The Association of Gaming Equipment Manufacturers (AGEM) has written to industry stakeholders to warn about potential discrepancies between the new federal tax reporting threshold for gambling winnings and the way states require casinos to report.
The provision included in the One Big Beautiful Bill Act raised the minimum amount that needs to be reported as a jackpot win on a slot machine in a land-based casino for the first time in nearly 50 years, from its original $1,200 to $2,000. That change, confirmed by the IRS in December, was effective Jan. 1, 2026.
In an informational letter sent Jan. 5, AGEM President and CEO Daron Dorsey outlined the key details surrounding the tax changes with the aim of helping commercial and tribal operators, regulators and legislators across the U.S. The association told SBC Americas that it disseminated the letter “in hopes of minimizing disruption or confusion associated with these new limits.”
Conflicts could arise, cautions AGEM
AGEM, which represents gaming suppliers across the country, stressed that although the new federal threshold for reporting slot machine jackpot wins on W-2G forms is now in effect, state regulators could be slower in implementing changes in response. Some state reporting requirements may stand in conflict with the new federal rate.
“Despite the changes to federal law, several jurisdictions still retain the $1,200 amount for withholding and reporting, whether by statute or regulation,” Dorsey warned. “Similarly, many states and local jurisdictions maintain similar withholding requirements aligned with the lower $1,200 amount within their jurisdictions, whether for child support obligations or similar public policy concerns decisions chosen in each.

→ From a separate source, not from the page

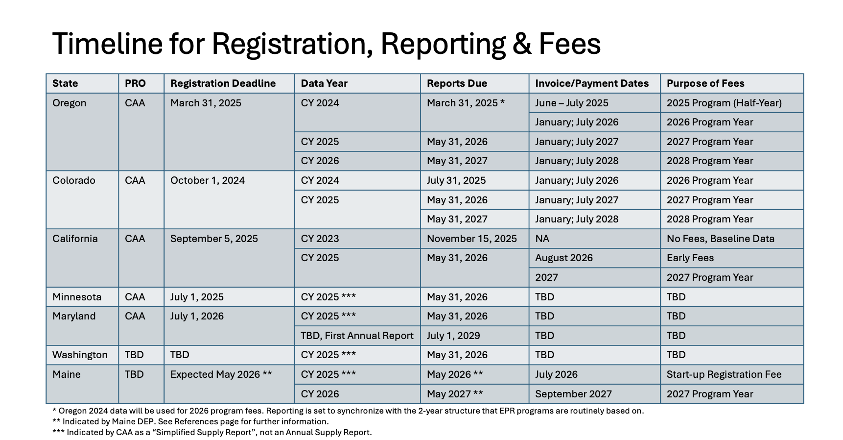 Click on the link for each state to view key timelines, updates, FAQs and more. Then download a document with an at-a-glance timeline of key events and regulatory deadlines for Extended Producer Responsibility (EPR) programs in seven states — California, Colorado, Maine, Maryland, Minnesota, Oregon, and Washington.

“To date, none of those amounts have been revised or changed and remain in place, meaning licensed suppliers are obligated to comply with those reporting thresholds until amended, regardless of changes made in the Act.”

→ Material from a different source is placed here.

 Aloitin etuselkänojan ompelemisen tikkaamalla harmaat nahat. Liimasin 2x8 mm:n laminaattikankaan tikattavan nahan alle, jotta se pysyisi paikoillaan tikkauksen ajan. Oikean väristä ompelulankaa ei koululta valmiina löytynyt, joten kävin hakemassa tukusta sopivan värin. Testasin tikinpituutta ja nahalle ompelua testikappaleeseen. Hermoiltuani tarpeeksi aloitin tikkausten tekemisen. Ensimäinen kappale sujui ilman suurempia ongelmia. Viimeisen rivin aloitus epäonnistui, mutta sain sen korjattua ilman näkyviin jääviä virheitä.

AGEM acknowledged in the letter that, as a result, suppliers with a presence across the country face needing to update their software and hardware across numerous jurisdictions to meet each region’s own requirements. The association added that, given the scale and scope of the federal change and potential future state changes, the industry should expect that “inadvertent mistakes or unintentional errors” might occur.
Could further slot tax reporting changes follow?
In addition to raising the threshold reporting amount to $2,000, the provision in the One Big Beautiful Bill Act stipulated that the dollar amount will increase in line with inflation at the start of every year from 2027 onwards.
Dorsey noted that continued regulatory efforts and/or potential legislation at the federal level to increase the threshold higher could continue, in addition to the upward adjustments already mandated for future years.
The American Gaming Association (AGA) called for a “long-overdue” increase in the threshold for years prior to the 2025 change, and wanted a significantly bigger raise than the $800 hike that ultimately went into effect. $1,200 in 1977, when the previous threshold amount was set, equates to roughly $6,500 in 2026, per the Bureau of Labor Statistics. The AGA advocated for the new limit to be $5,000.
Nevada Rep. and Congressional Gaming Caucus Co-Chair Dina Titus also advocated for that higher amount, telling SBC Americas last year that $2,000 was “inadequate.” Titus filed her Shifting Limits on Thresholds (SLOT) Act again in 2025, pushing for $5,000 to be the new threshold, and she vowed to continue to advocate for the legislation.